Effie lächelte Spät an, wie sie das bisher selten getan hatte. Und jedes Mal hatte er daraufhin ihr Gehalt erhöht.
„Ich komme gerne mit.“
Was? „Was?“
„Natürlich. Das betrachte ich als Teil meines Jobs.“
„Oh. Na, wundervoll, ich...“
„Natürlich bekomme ich es als Überstunden bezahlt. Und Geld für ein passendes Kleid kriege ich ebenfalls.“
Ichbringsieumichbringsieumichbringsieum.
„Okay. Schreib mir ‘ne Rechnung. Aber vorher versuch bitte, Peter Tollhaus an die Strippe zu kriegen.“
„Alles klar“, antwortete Effie zuckersüß.
Peter Tollhaus war Kriminalkommissar. Er war korrekt, kooperativ und unglaublich doof. Von Späts Standpunkt als Privatdetektiv aus war Tollhaus der ideale Polizist. Schwankend zwischen Wut und verhaltener Freude schwankte Spät zurück in sein Büro, und nach drei Minuten stellte Effie das Gespräch durch. Tollhaus meldete sich gleich.

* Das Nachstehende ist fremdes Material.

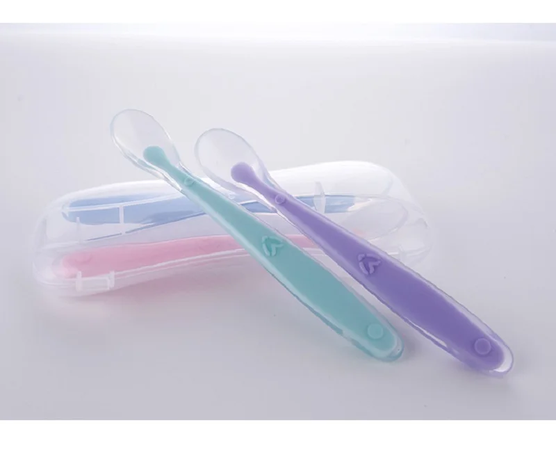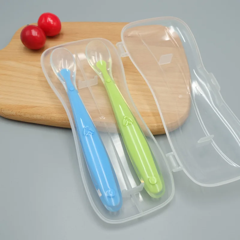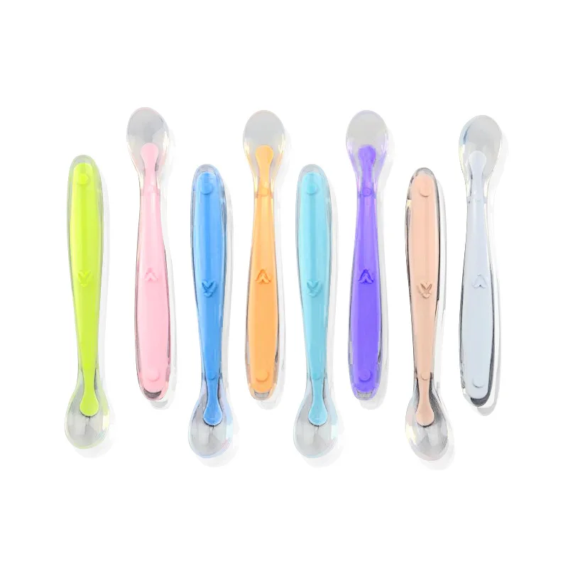 Новинка 2021, детская мягкая силиконовая ложка, ложка с датчиком температуры карамельного цвета, детские инструменты для кормления ребенка, детская ложка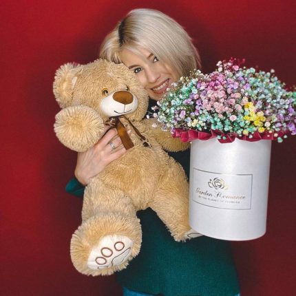 Букет из орхидей, гипсофилы и самшита в плетеной корзине “Зальцбург”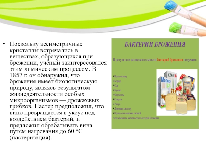 Слайд 5Поскольку ассиметричные кристаллы встречались в веществах, образующихся при брожении, учёный заинтересовался

„Hallo, Philip. Was gibt’s denn?“
Spät konnte deutlich Kaugeräusche hören. Tollhaus stopfte sich ständig mit Donuts voll, es war ein ziemlich ekliger Anblick.
„Hallo, Peter. Ich habe da eine neue Klientin und wollte dich fragen, ob Du was über sie hast. Sie heißt Birgit Ostkamp.“
Eine Minute lang konnte Spät nichts verstehen außer der Tatsache, dass offenhörbar ein Stück Krapfen in Peter Tollhaus’ Luftröhre gerutscht war. Als er sich wieder beruhigt hatte, lachte der Polizist.
„Da brauche ich gar nicht nachzusehen. Die Frau heißt bei uns nur die verfolgte Irre.“
„Was ist denn mit ihr?“
„Sie war insgesamt dreimal bei uns, und jedes Mal hat sie geglaubt, dass irgendeiner irgendwen schrägmachen wollte. Das hat immer in unsagbar peinlichen Situationen und einem Verleumdungsprozess geendet. Die hat nicht alle Kerzen im Christbaum, Philip! Lass dich nicht mit der ein, das bringt gar nichts.“
Oh doch. Es bringt eine Menge Geld.
„Okay. Danke, Peter. Grüß deine Frau.“
„Ich bin nicht verheiratet.“
„Keine Einzelheiten. Grüß sie einfach.“
Auf einmal hatte Spät Angst.
Was, wenn diese Frau wahnsinnig war und nur auf die richtige Gelegenheit wartete, ein Kettensägenmassaker anzurichten? Was, wenn tatsächlich ein Mord geschah und er selbst das Opfer war? Was, wenn Effie an dem Abend einen tiefen Ausschnitt trug?